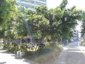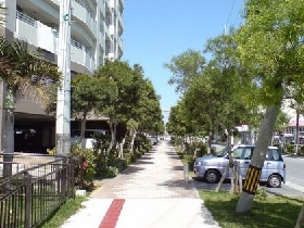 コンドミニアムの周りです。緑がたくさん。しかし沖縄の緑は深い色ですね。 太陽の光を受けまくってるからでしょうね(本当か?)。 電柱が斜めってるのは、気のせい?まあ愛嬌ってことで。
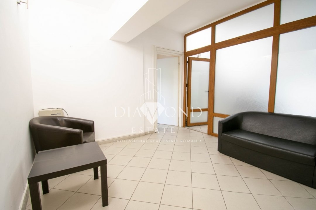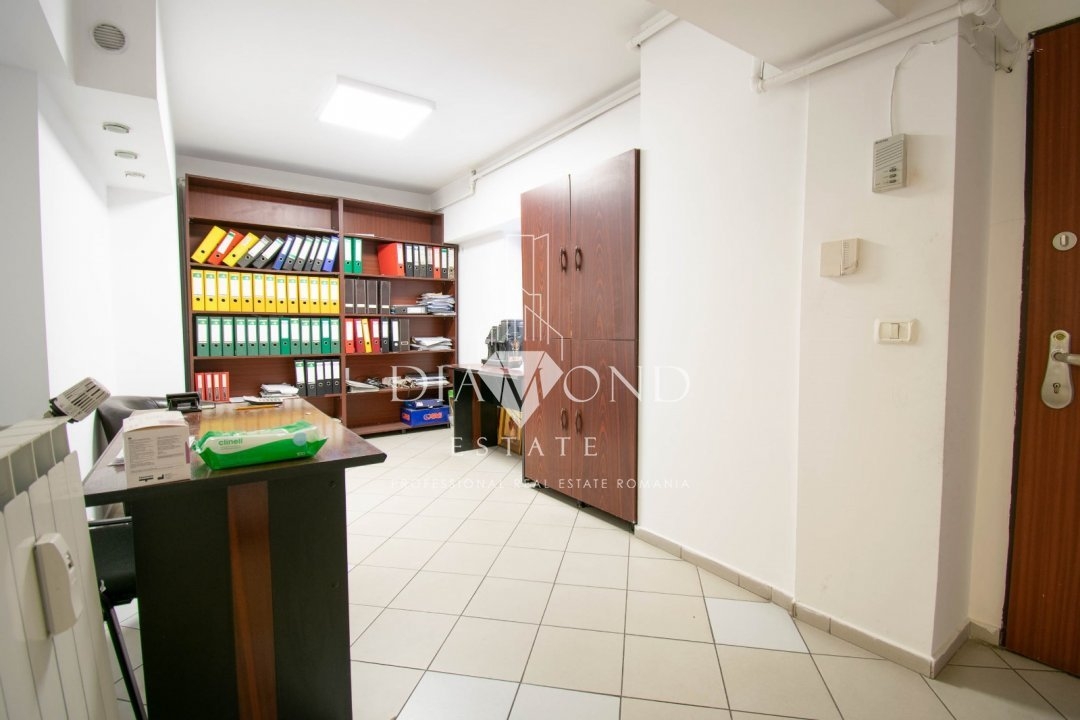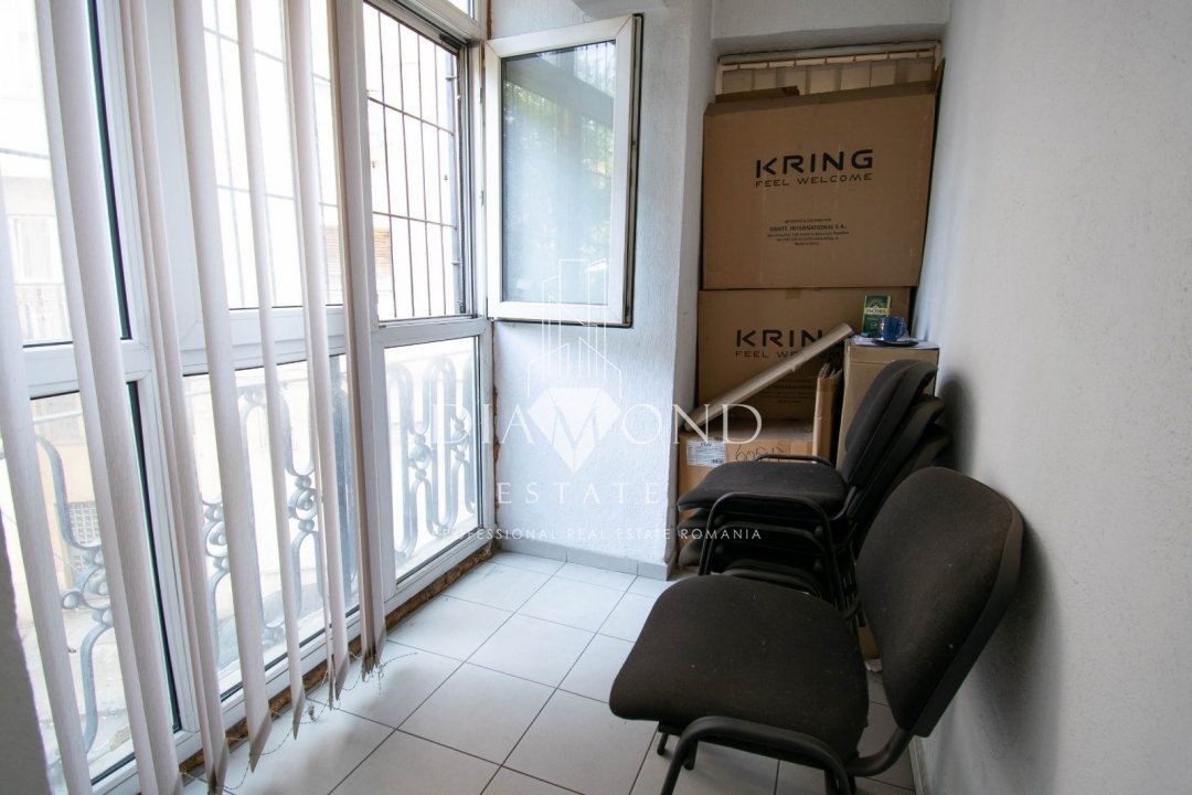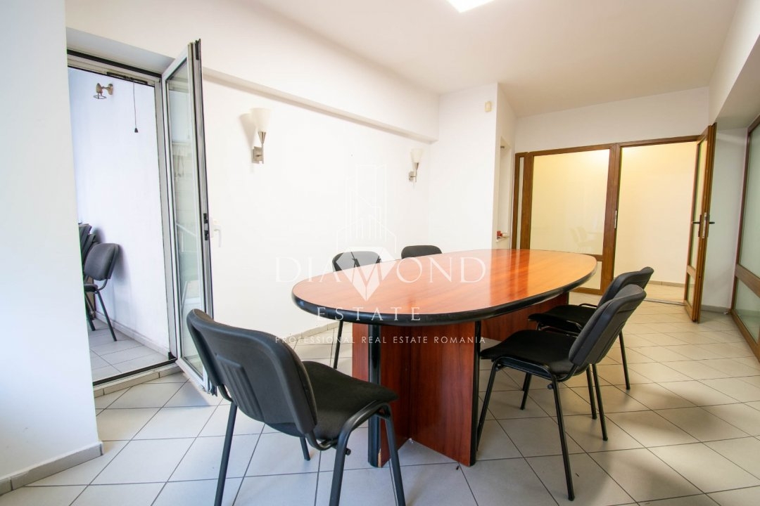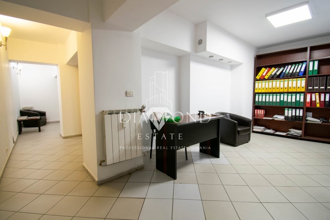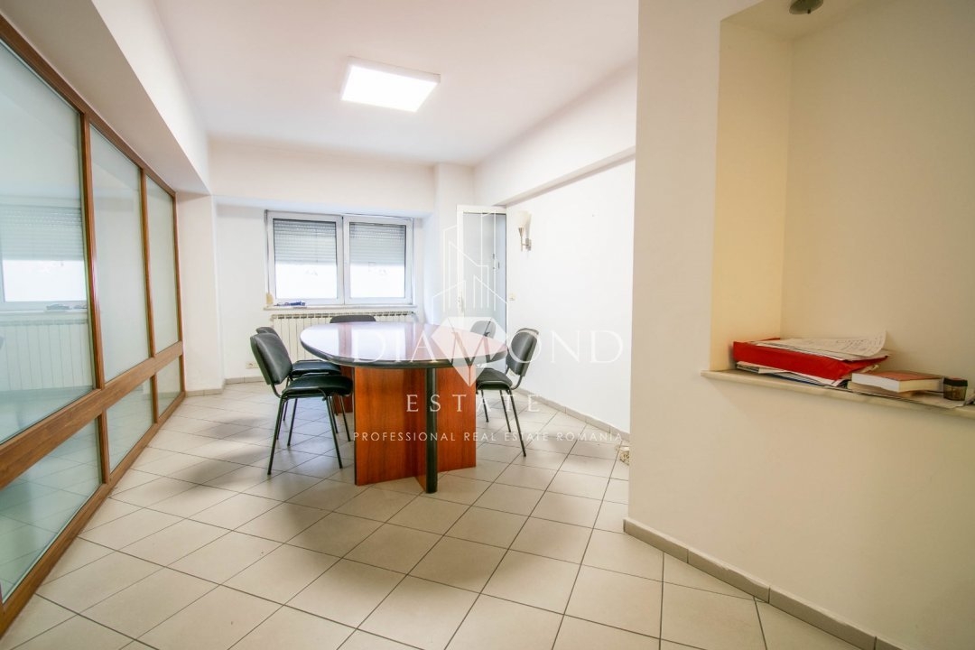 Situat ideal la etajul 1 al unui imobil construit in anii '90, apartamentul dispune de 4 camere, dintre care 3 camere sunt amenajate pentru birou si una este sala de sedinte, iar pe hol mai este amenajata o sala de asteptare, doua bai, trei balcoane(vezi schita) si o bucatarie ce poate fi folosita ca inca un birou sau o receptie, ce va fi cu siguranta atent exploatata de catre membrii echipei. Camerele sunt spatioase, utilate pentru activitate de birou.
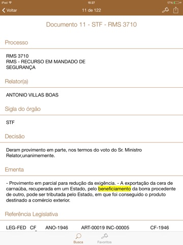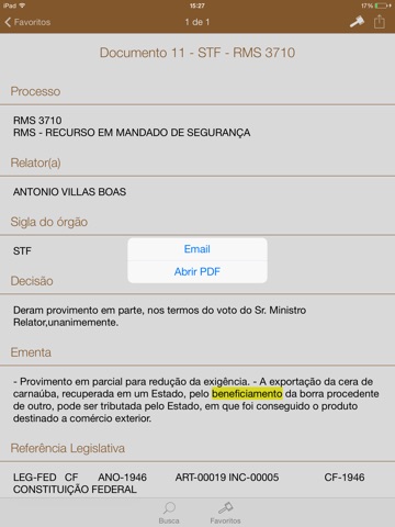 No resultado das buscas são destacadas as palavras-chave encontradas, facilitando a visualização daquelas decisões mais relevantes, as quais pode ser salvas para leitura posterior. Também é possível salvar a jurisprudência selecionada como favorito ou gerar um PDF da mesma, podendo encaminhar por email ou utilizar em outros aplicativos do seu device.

_____

- The task: Give the data back exactly, omitting all pictures.

- Finished exercise:
 コンドミニアムの周りです。緑がたくさん。しかし沖縄の緑は深い色ですね。 太陽の光を受けまくってるからでしょうね(本当か?)。 電柱が斜めってるのは、気のせい?まあ愛嬌ってことで。
 Situat ideal la etajul 1 al unui imobil construit in anii '90, apartamentul dispune de 4 camere, dintre care 3 camere sunt amenajate pentru birou si una este sala de sedinte, iar pe hol mai este amenajata o sala de asteptare, doua bai, trei balcoane(vezi schita) si o bucatarie ce poate fi folosita ca inca un birou sau o receptie, ce va fi cu siguranta atent exploatata de catre membrii echipei. Camerele sunt spatioase, utilate pentru activitate de birou.
 No resultado das buscas são destacadas as palavras-chave encontradas, facilitando a visualização daquelas decisões mais relevantes, as quais pode ser salvas para leitura posterior. Também é possível salvar a jurisprudência selecionada como favorito ou gerar um PDF da mesma, podendo encaminhar por email ou utilizar em outros aplicativos do seu device.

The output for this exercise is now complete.